§ **Aim of the task**
The listing that follows must be retyped exactly, without its pictures.

§ **Collected data**

┄┄┄┄┄┄┄┄┄┄┄┄┄┄┄┄┄┄┄┄

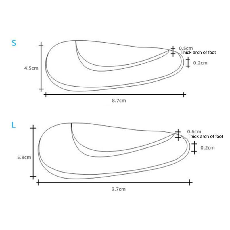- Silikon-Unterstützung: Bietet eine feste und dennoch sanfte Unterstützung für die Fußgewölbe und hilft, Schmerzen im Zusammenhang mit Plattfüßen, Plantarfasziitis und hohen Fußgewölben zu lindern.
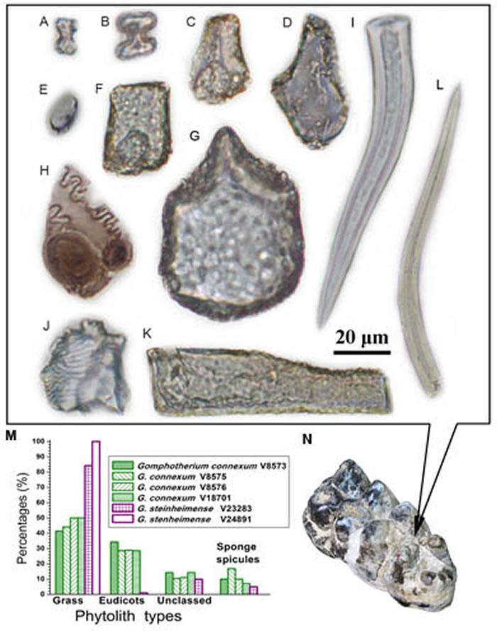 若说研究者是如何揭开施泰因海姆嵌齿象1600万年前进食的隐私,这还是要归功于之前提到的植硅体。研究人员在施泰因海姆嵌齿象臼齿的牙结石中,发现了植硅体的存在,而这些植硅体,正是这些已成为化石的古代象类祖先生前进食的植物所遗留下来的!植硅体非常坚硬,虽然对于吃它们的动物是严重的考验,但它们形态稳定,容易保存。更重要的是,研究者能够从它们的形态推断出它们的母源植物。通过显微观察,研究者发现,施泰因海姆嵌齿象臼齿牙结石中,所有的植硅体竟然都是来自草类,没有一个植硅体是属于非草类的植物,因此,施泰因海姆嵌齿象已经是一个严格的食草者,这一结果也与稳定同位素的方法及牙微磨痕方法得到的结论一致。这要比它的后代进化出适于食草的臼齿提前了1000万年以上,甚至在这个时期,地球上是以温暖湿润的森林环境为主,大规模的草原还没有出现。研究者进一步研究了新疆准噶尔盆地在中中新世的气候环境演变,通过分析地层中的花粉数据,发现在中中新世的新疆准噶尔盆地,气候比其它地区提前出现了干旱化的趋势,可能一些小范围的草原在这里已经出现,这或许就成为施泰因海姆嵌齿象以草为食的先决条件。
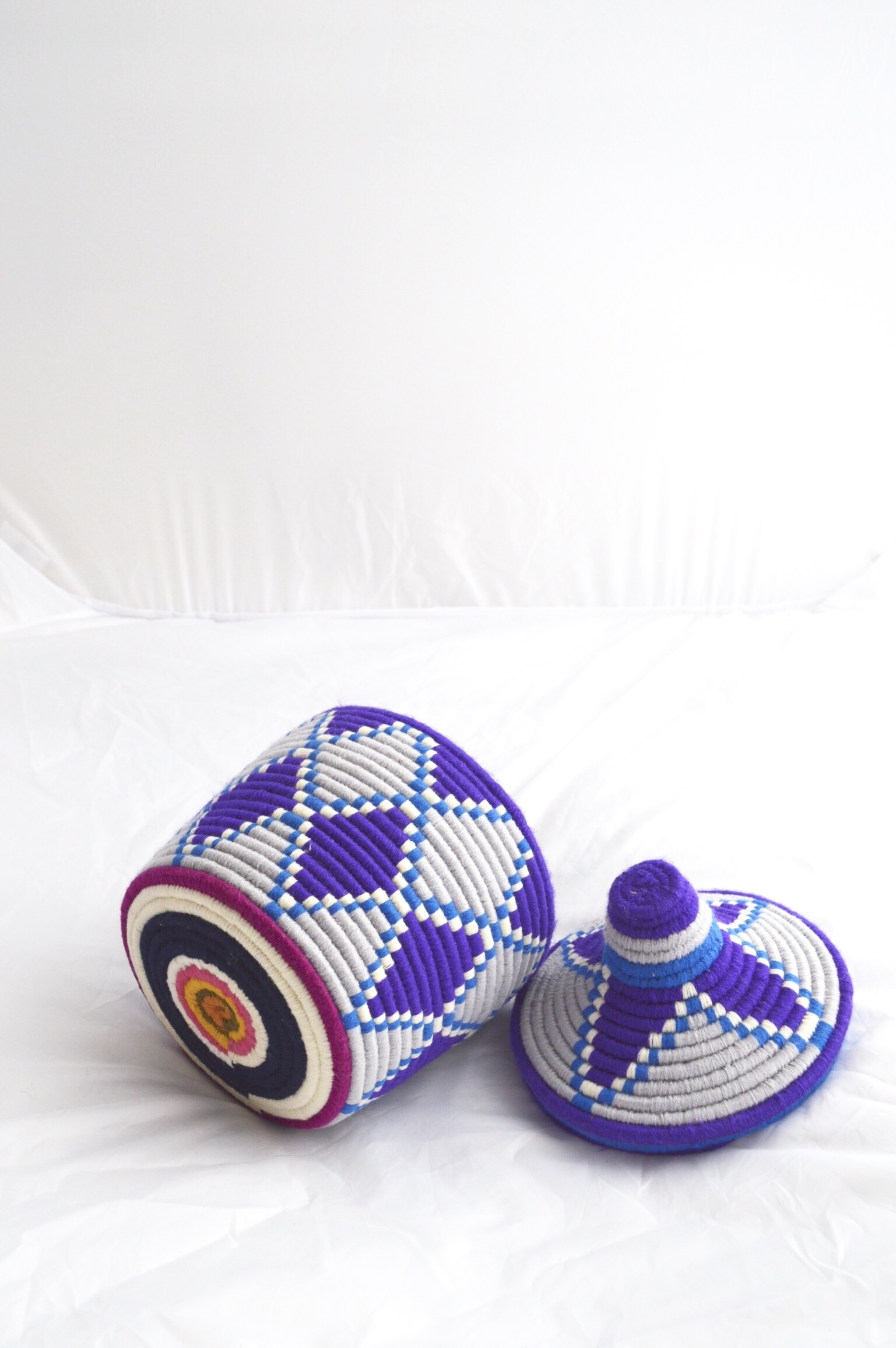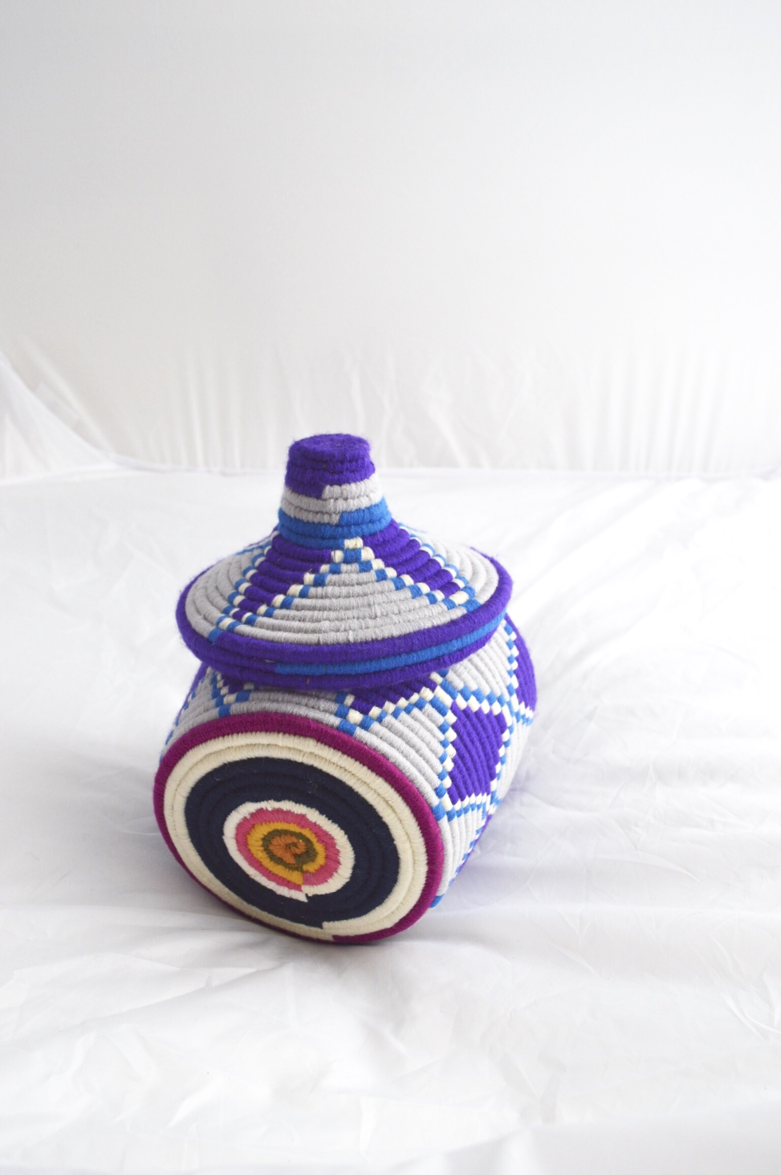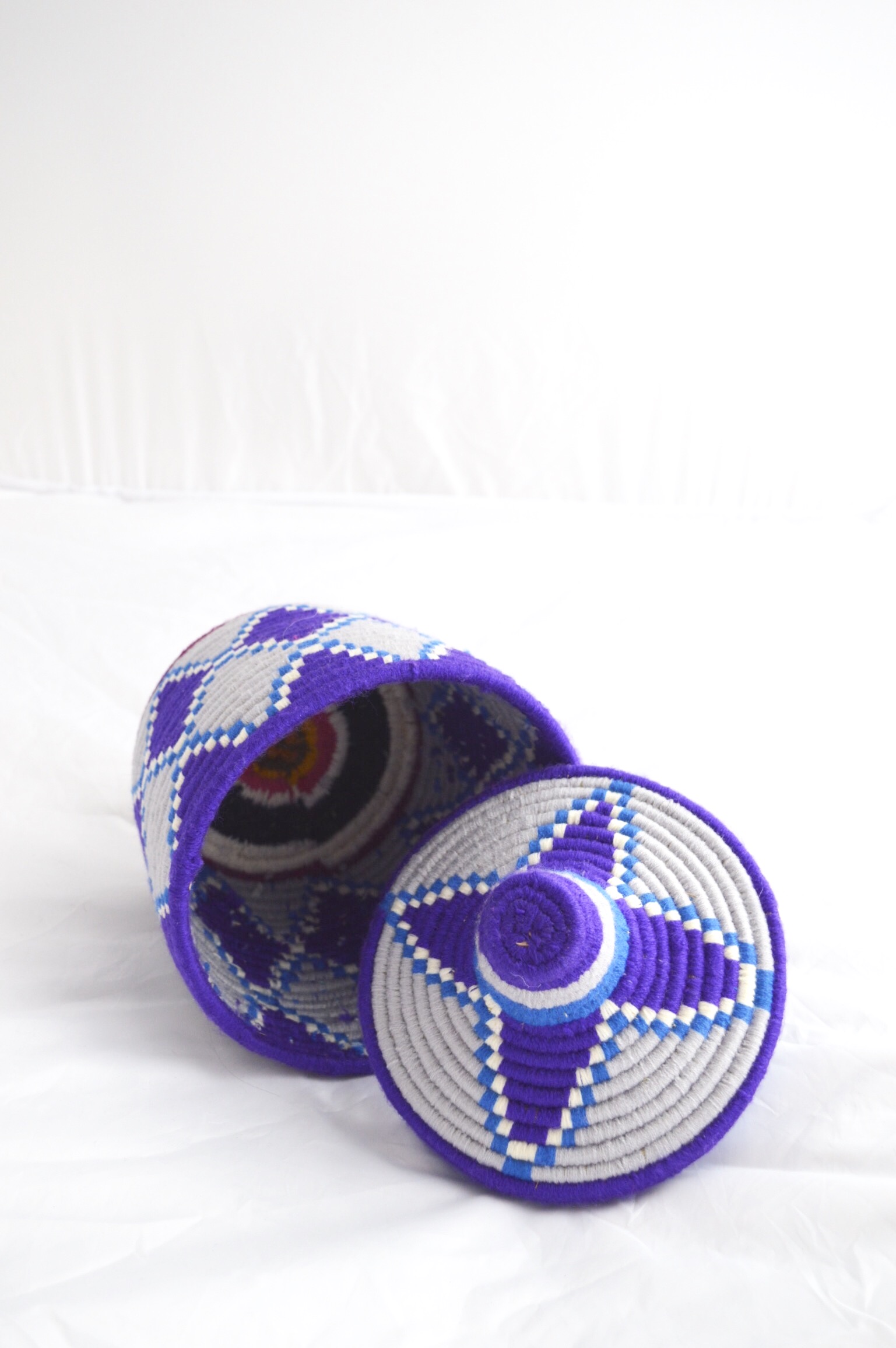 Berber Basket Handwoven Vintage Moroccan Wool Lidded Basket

┄┄┄┄┄┄┄┄┄┄┄┄┄┄┄┄┄┄┄┄

§ **Task response**
- Silikon-Unterstützung: Bietet eine feste und dennoch sanfte Unterstützung für die Fußgewölbe und hilft, Schmerzen im Zusammenhang mit Plattfüßen, Plantarfasziitis und hohen Fußgewölben zu lindern.
 若说研究者是如何揭开施泰因海姆嵌齿象1600万年前进食的隐私,这还是要归功于之前提到的植硅体。研究人员在施泰因海姆嵌齿象臼齿的牙结石中,发现了植硅体的存在,而这些植硅体,正是这些已成为化石的古代象类祖先生前进食的植物所遗留下来的!植硅体非常坚硬,虽然对于吃它们的动物是严重的考验,但它们形态稳定,容易保存。更重要的是,研究者能够从它们的形态推断出它们的母源植物。通过显微观察,研究者发现,施泰因海姆嵌齿象臼齿牙结石中,所有的植硅体竟然都是来自草类,没有一个植硅体是属于非草类的植物,因此,施泰因海姆嵌齿象已经是一个严格的食草者,这一结果也与稳定同位素的方法及牙微磨痕方法得到的结论一致。这要比它的后代进化出适于食草的臼齿提前了1000万年以上,甚至在这个时期,地球上是以温暖湿润的森林环境为主,大规模的草原还没有出现。研究者进一步研究了新疆准噶尔盆地在中中新世的气候环境演变,通过分析地层中的花粉数据,发现在中中新世的新疆准噶尔盆地,气候比其它地区提前出现了干旱化的趋势,可能一些小范围的草原在这里已经出现,这或许就成为施泰因海姆嵌齿象以草为食的先决条件。
 Berber Basket Handwoven Vintage Moroccan Wool Lidded Basket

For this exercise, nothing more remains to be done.